When it comes to imagining food in space, the first thing that’s likely to cross most people’s minds is freeze-dried products like astronaut ice cream. And while preserved foods will inevitably be a part of astronaut’s diets for the foreseeable future, nowadays there’s an increasing focus on how to provide astronauts with fresh foods like vegetables and grains for at least occasional treats.
Eating fresh foods is important not only for physical health reasons, but also for astronauts’ mental health. Repetitive, processed meals can be unappetizing and lead to what is called menu fatigue, in which astronauts don’t want to eat because they are so sick of having the same foods over and over.
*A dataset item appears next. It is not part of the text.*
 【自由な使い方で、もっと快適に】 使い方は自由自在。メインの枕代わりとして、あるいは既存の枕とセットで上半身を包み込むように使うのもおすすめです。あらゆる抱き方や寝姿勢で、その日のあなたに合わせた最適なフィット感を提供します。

And that can be a real problem when astronauts are losing weight and not getting enough nutrients.
Fortunately, we’re getting better and better at growing a wider variety of foods in the microgravity conditions of space. In the last few years, astronauts on the International Space Station (ISS) have grown foods like radishes, lettuce, and chili peppers. And now, a team of researchers has come up with an “astronaut salad” featuring foods that could be grown in space.
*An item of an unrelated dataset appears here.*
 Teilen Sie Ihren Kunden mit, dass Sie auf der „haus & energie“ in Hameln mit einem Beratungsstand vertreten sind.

The salad, developed by researchers at the University of Adelaide in Australia and the University of Nottingham in the U.K. contains a mixture of the following: soybean, poppy, barley, kale, peanuts, sweet potato, and sunflower seeds. The precise amounts of each ingredient have been adjusted so that it delivers the nutrients an astronaut would require as measured by a 2011 NASA study, — and so that it tastes good as well.
“We have simulated a mix of six to eight crops that deliver all the required nutrients that an astronaut needs, which is different from what people need on Earth,” one of the researchers, Volker Hessel of the University of Adelaide, said in a statement. “While there are dozens of crops that can fulfill an astronaut’s nutrient requirements, we needed to find those that could pack a punch and deliver the calories needed in smaller portions that could be grown in a small space.”
The researchers used a computational model to help them balance the nutritional needs of the astronauts, working from a list of more than 100 plants that could be suitable for growing in space. These are foods that can be grown in a small space, in a hydroponic system, and require minimal fertilizer.
To keep the meal appealing, the researchers chose plants with a variety of colors, textures, and flavors. “Food is such an integral part of staying healthy and happy, and there are many factors that contribute to this,” said another of the researchers, Shu Liang of the University of Nottingham. “As well as the nutritional values and ability to grow the plants in space, we also looked at other important aspects of a space diet to promote astronaut well-being, including color, taste and eating together.”
A team of volunteers tasted the salad and seemed happy with it, with one saying that they “wouldn’t mind eating this all week as an astronaut.”